Dec 14, 2007 22:41
You are:
1) what you do
2) why you do it
I think there was a time I hated myself, or at least seriously disliked something I was doing.
I remember there was another time when I wanted to be like someone, but then nothing came of it and I realised how stupid it was so that was alright. I didn't hate myself because of that.
I used to pride myself on being multi-talented. I am. I work hard at being good at certain things, enough to be impressive at certain times. And it's something that I genuinely have a passion for. Not just to impress people. I practised and practised and perfected and continued.
I became what I did.
I was the guy who cubed, the guy who juggled, the guy who would beatbox occaisonally, top in maths, had seven hobbies and was perfecting them all at the same time. I wanted to do more.
I think my problem was that I assumed that everyone could do what I could, they just needed to want to.
Everyone's character was the same to me. Everyone's character was the same as me. Only what they did, or what they achieved set them apart. So I judged them as such. By the distinctions they had, the CCA they were in, the friends they had, the people they liked, the books they read, their taste in shoes, the number of medals they had to show for. I think I was looking for wrong things. When I should have been asking
why?
I never asked the question until someone asked me. And you know what? buggered if I know.
Army's good that way. It changed me a lot. It showed me that not everyone's like me. Some of them just aren't very nice people. Some are just absolute bastards.

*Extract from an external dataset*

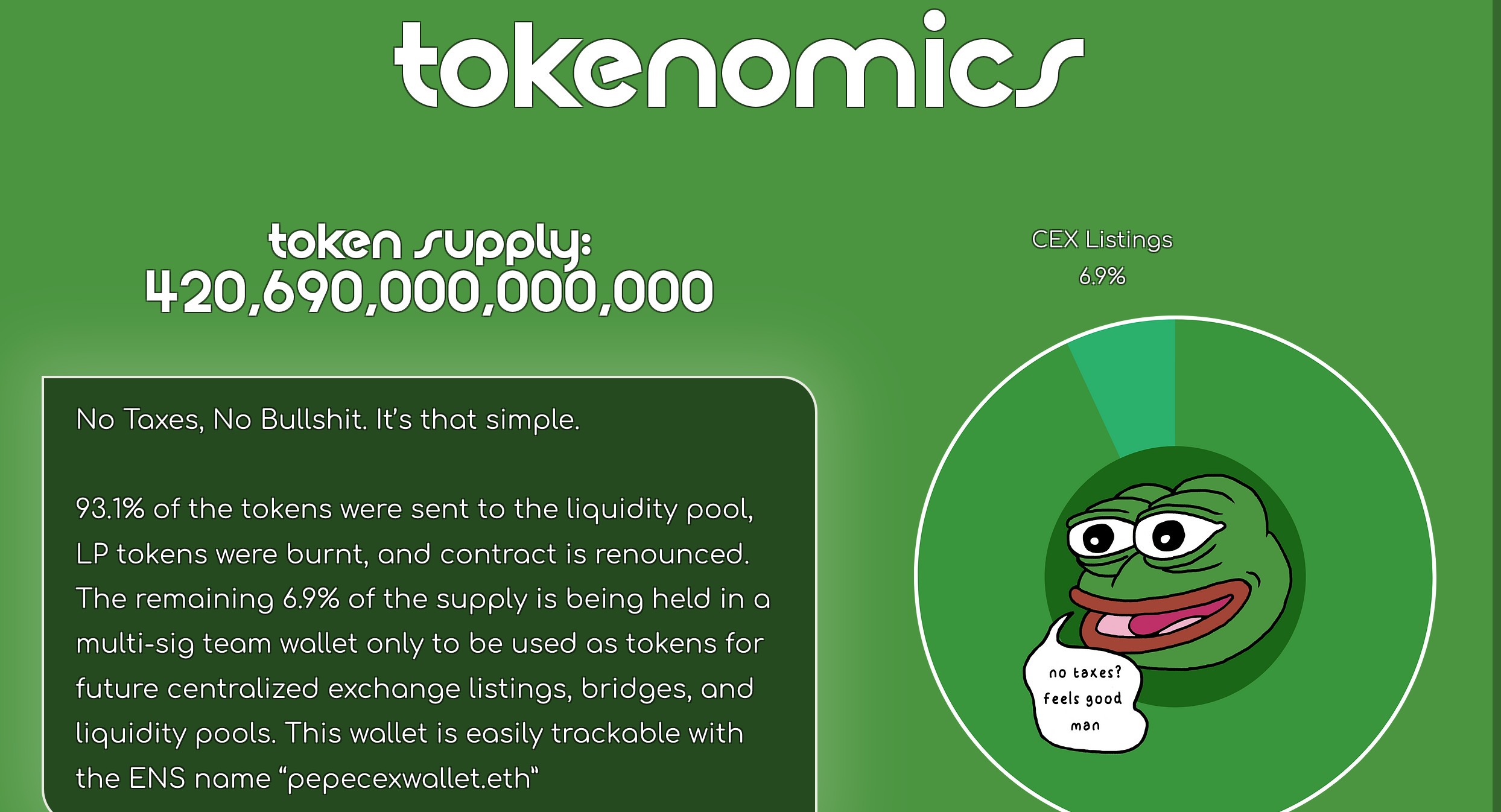 Pepe is tired of watching everyone play hot potato with the endless derivative ShibaCumGMElonKishuTurboAssFlokiMoon Inu coins. The Inu’s have had their day. It’s time for the most recognizable meme in the world to take his reign as king of the memes. Pepe is here to make memecoins great again. Launched stealth with no presale, zero taxes, LP burnt and contract renounced, $PEPE is a coin for the people, forever. Fueled by pure memetic power, let $PEPE show you the way. In Lord Kek we trust.

It showed me I can be an absolute bastard. It showed me that people have reasons for doing things. Different from mine.
The best time of my life:
Telling me why she's an atheist.
Telling me why that everything in the world is possible.
Telling me what sort of music he wants to make.
Telling me that dream he had.
Telling me that story she wrote.
a room, a teacher, classmates, a lesson, viciously being ignored by two individuals, only ever wanting to learn the mind hidden behind mask.